Extracted entries |
****

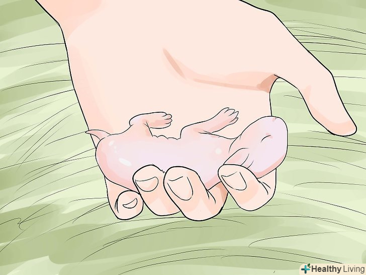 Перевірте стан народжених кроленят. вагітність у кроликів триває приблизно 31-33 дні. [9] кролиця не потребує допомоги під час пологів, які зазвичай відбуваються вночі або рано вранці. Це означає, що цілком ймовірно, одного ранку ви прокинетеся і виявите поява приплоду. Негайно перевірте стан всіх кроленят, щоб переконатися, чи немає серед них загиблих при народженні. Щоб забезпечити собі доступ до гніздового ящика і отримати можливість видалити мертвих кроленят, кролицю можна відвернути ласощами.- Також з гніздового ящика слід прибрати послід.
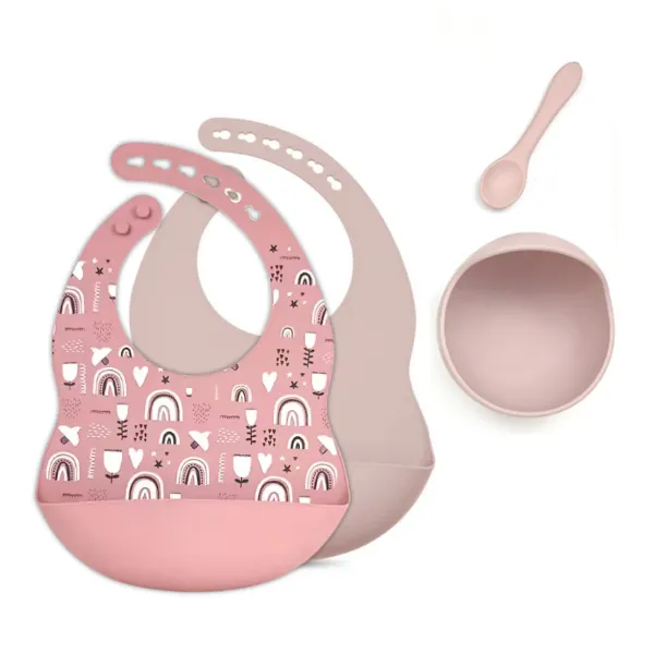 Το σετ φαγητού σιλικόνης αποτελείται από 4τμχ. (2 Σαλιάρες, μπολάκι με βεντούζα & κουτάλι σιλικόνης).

****

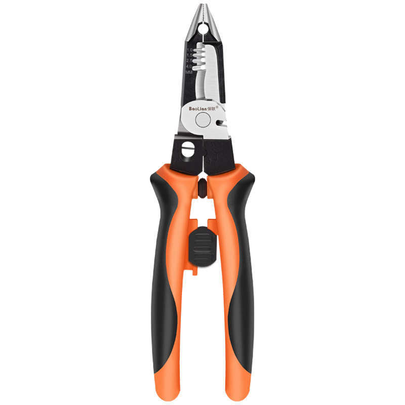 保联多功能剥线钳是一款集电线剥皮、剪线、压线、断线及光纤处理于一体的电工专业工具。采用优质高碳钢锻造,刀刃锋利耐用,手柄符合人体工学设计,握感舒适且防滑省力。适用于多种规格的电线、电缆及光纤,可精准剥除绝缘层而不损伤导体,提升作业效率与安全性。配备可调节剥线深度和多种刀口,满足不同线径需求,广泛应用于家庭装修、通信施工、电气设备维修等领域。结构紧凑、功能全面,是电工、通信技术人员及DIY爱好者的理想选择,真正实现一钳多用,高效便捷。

****

Work instructions |
Everything above from the line containing "Перевірте стан народжених" down to the line containing "Το σετ φαγητού" is to be duplicated exactly, both lines included, and the pictures are to be omitted.

Answer to the problem |
 Перевірте стан народжених кроленят. вагітність у кроликів триває приблизно 31-33 дні. [9] кролиця не потребує допомоги під час пологів, які зазвичай відбуваються вночі або рано вранці. Це означає, що цілком ймовірно, одного ранку ви прокинетеся і виявите поява приплоду. Негайно перевірте стан всіх кроленят, щоб переконатися, чи немає серед них загиблих при народженні. Щоб забезпечити собі доступ до гніздового ящика і отримати можливість видалити мертвих кроленят, кролицю можна відвернути ласощами.- Також з гніздового ящика слід прибрати послід.
 Το σετ φαγητού σιλικόνης αποτελείται από 4τμχ. (2 Σαλιάρες, μπολάκι με βεντούζα & κουτάλι σιλικόνης).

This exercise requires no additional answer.